In my previous posts about bi-temporal data, I dealt with a lot of queries that had where clauses that dealt with operations in dates. For example:
SELECT employee_id, committee_id FROM committee_membership WHERE valid_from <= '2020-05-02' AND '2020-05-02' < valid_up_to AND tx_applicable_from <= NOW() AND NOW() < tx_applicable_up_to
The underlying schema looks like this:
CREATE table committee_membership ( employee_id int NOT NULL, committee_id int NOT NULL, valid_from date NOT NULL, valid_up_to date NOT NULL, tx_applicable_from date NOT NULL, tx_applicable_up_to date NOT NULL )
The four dates in the table share the same structure. There are two prefixes
tx_applicable, and two suffixes
up_to. This structure that hints that the dates represent two different concepts: An interval in time that delineates validity and an interval that delineates applicability.
Craig Baumunk presents at the NJ SQL Server User Group on bi-temporal data. He goes over the differences between non-temporal, valid temporal, transaction temporal modeling and the different types of problems that they solve. He makes the case of why bi-temporal data is superior to all the previous issues and what the implications are. The presentation is from 2011, but it is still as relevant as ever. Note that the presentation is broken up into 7 different parts.
Jeremy Beard covers the importance of bi-temporal data modeling, and the type of problems that it can solve. Using a credit score example, he builds up the modeling bit by bit in an intuitive way. The second portion of the article focuses specifically on the implementation in Cloudera EDH, which I don’t use.
Jeremy Keith writes on how to think about design principles. Sometimes, design principles can be truisms that can be less than useful (e.g. Make it usable.). Expressing principles as a set of priorities, makes them more useful and actionable (e.g. Usability, even over profitability). As an example, he uses the HTML design principles as:
Users, even over authors. Authors, even over implementors. Implementors, even over specifiers. Specifiers, even over theoretical purity.
In non-temporal data, deletions are literal: Specific rows or columns are deleted, because only the current state is modeled. In bi-temporal data, the equivalent operation is modeled by inserting new facts.
Bi-temporal data refers to a modeling technique to store and retrieve data that changes on two different axes. The valid time axis refers to the range of time in which data is valid. Transaction time refers to when the system recorded the data. Keeping track of both with expose a very rich data model.
In the simplest data modeling, a system keeps track of the current state. Let’s assume that we are working with a system that keeps track of company personnel. In its
peopletable, it will hold things like first and last names, date of birth, and social security numbers. At first sight, this seem like invariant facts, but upon closer inspection we can see that in reality they are not. People often change their name when their marital status changes, and birth date and social security number are technically facts that don’t change, but often need to be corrected.
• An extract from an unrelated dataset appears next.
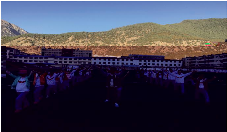
云c老师 学/ 了公N课化 T 辅?

These two very different reasons for change are often conflated, or worse, not accounted for. Bi-temporal data provides a way to deal with both.
Like so much of the content in Martin Fowler’s website, this article – by Zhamak Dehghani – is a well-though out description of how to reason breaking out a monolith into services. Some choice quotes:
Every increment must leave us in a better place in terms of the architecture goal.
In the context of leaving both the old way and the new way in place:
If the team stops here and pivots into building some other service or feature, they leave the overall architecture in a state of increased entropy. At this point the teams are actually further away from their overall goal of making changes faster. Any new developer to the monolith code needs to deal with two code paths, increased cognitive load of understanding the code, and slower process of changing and testing it.
It’s well worth the read.
Many of the blog post written by large engineering organizations, don’t often apply to smaller organizations. While they are still interesting, reading how Google and Amazon handle load doesn’t necessarily translate into practical advice. This post by Damir Svrtan and Sergii Makagon in the Netflix Engineering Blog is different. They describe how they went about building a new service rapidly, meant to integrate with a variety with other services, even in the face of unknown requirements. Their solution: Hexagonal Architecture.
The idea of Hexagonal Architecture is to put inputs and outputs at the edges of our design. Business logic should not depend on whether we expose a REST or a GraphQL API, and it should not depend on where we get data from — a database, a microservice API exposed via gRPC or REST, or just a simple CSV file.
In particular, they way they defined their core concepts resonated with me. They stuck most of their code into Entities (domain objects), Repositories (read and write data), and Interactors (orchestration classes – i.e. service classes, use case objects).
I’ve been doing a lot of research into multi-service architectures, and I’ve seen many references to how entity services are an anti-pattern. Michael Nygard has a previous article describing just that. Designing services to avoid the anti-pattern is sometimes easier said than done. This post walks the reader on how to avoid the pitfalls with a concrete example modeling services based on the business lifecycle, instead of just focusing on the data that they store.